Classically, MCs are divided into two types depending upon the expression of different proteases in their granules (27). MCT cells containing mainly tryptase are predominantly located in the respiratory and intestinal mucosa, while MCTC cells, expressing both tryptase and chymase, are predominantly found in connective tissues of skin, conjunctiva, and synovia (28,29). Tryptase and chymase are the predominant proteases present in MCGs. Tryptase constitutes more than 20% of the MC protein on a weight basis, with 10-35 pg tryptase per cell (30). Chymase is a serine protease with chymotrypsin-like substrate specificity and is one of the major components of MCGs (31). Previous studies showed that tryptase and chymase are angiogenic factors (32,33). However, there is a lack of data regarding which protease is more important in the angiogenesis process. In our study, we confirmed that both tryptase and chymase are present in MCs obtained from rat peritoneal cavities (data not shown). Using specific tryptase and chymase inhibitors, we tested the effects of these factors on angiogenesis. Migration, proliferation, and capillary-like tube formation of MMVECs were significantly suppressed by either TLCK or TPCK, with TLCK showing the stronger effects. The same phenomenon was observed when suppressing Ang-2 expression in MMVECs by MCGs, which could be recovered by adding either TLCK or TPCK, resulting in even higher expression than with MMVECs alone when TLCK was added. Thus, our data clearly indicate that tryptase may be more important than chymase in angiogenesis. However, we could not fully explain why TLCK or TPCK resulted in even less migration, proliferation, and capillary-like tube formation than in MMVEC controls. This could be due to the fact that, in the setting of inhibition of the main angiogenic factors of MCGs (tryptase or chymase), other antiangiogenic factors are secreted, such as endothelin-1, which could in turn suppress angiogenesis (34).

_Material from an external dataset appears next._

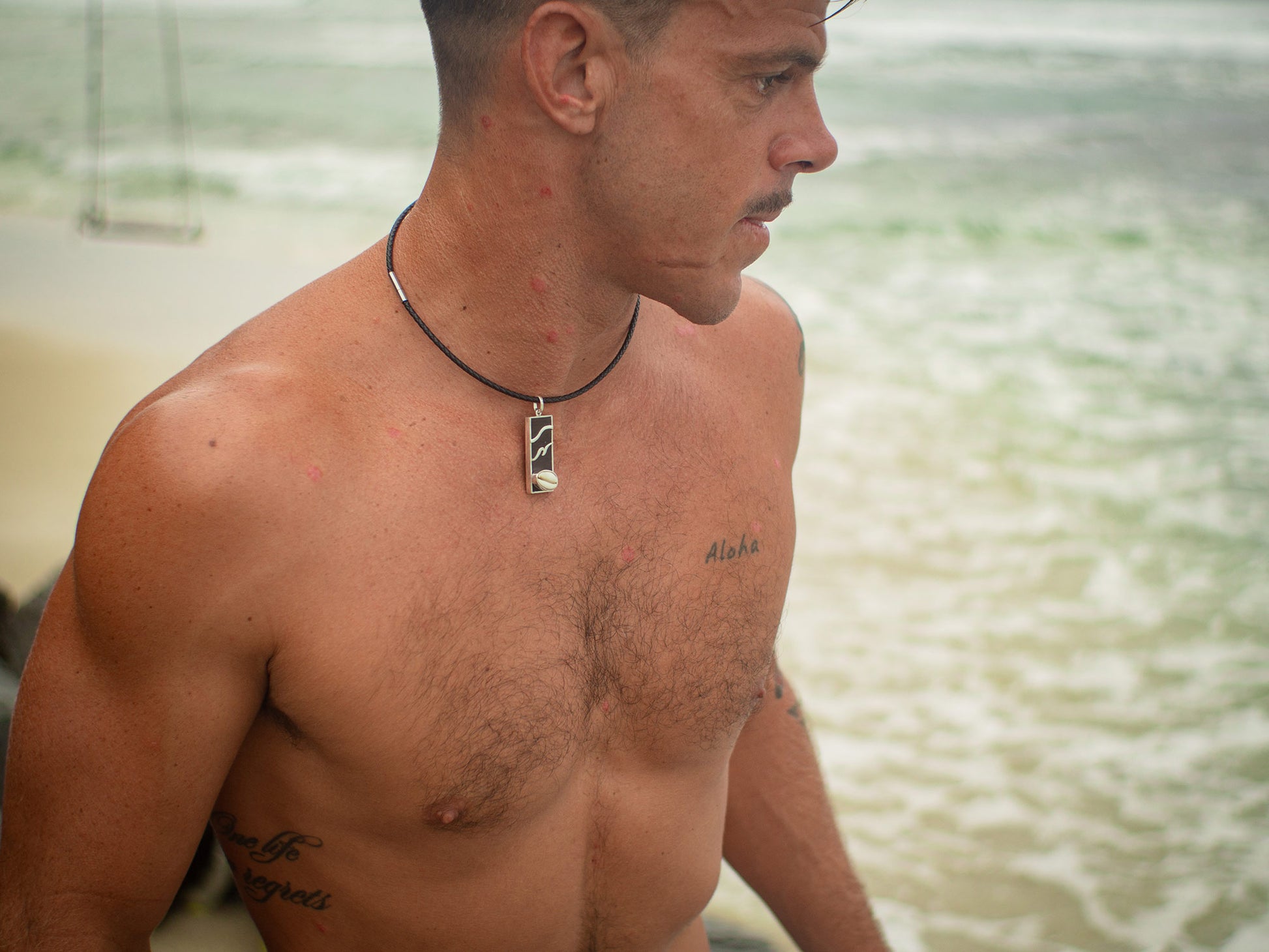 • Rectangular ebony pendant with centered shiva shell on leather. Elegant natural contrast.

Our present study mainly focused on angiogenesis in MMVECs in vitro, co-cultured with MCs. However, other cells, such as smooth muscle cells, also participate in the angiogenic process. In vivo angiogenesis is complex and can be affected by many factors. Nevertheless, using a co-culture system, we clearly showed that MCGs can suppress Ang-2/Tie-2 signaling and interrupt neovessel maturation. However, it is still unclear whether MCGs can regulate the phosphorylation of Ang-2/Tie-2.

Our results demonstrate that MCGs, but not nonactivated MCs, increased proliferation, migration, and capillary-like tube formation in MMVECs. This was suppressed by either TLCK or TPCK, with TLCK showing stronger effects, suggesting that tryptase was the major factor promoting neovessels in MCs. These effects were associated with a disrupted Ang-2/Tie-2 signaling pathway, thus indicating an important role for MCs cooperating with MMVECs in the neovessel maturation process.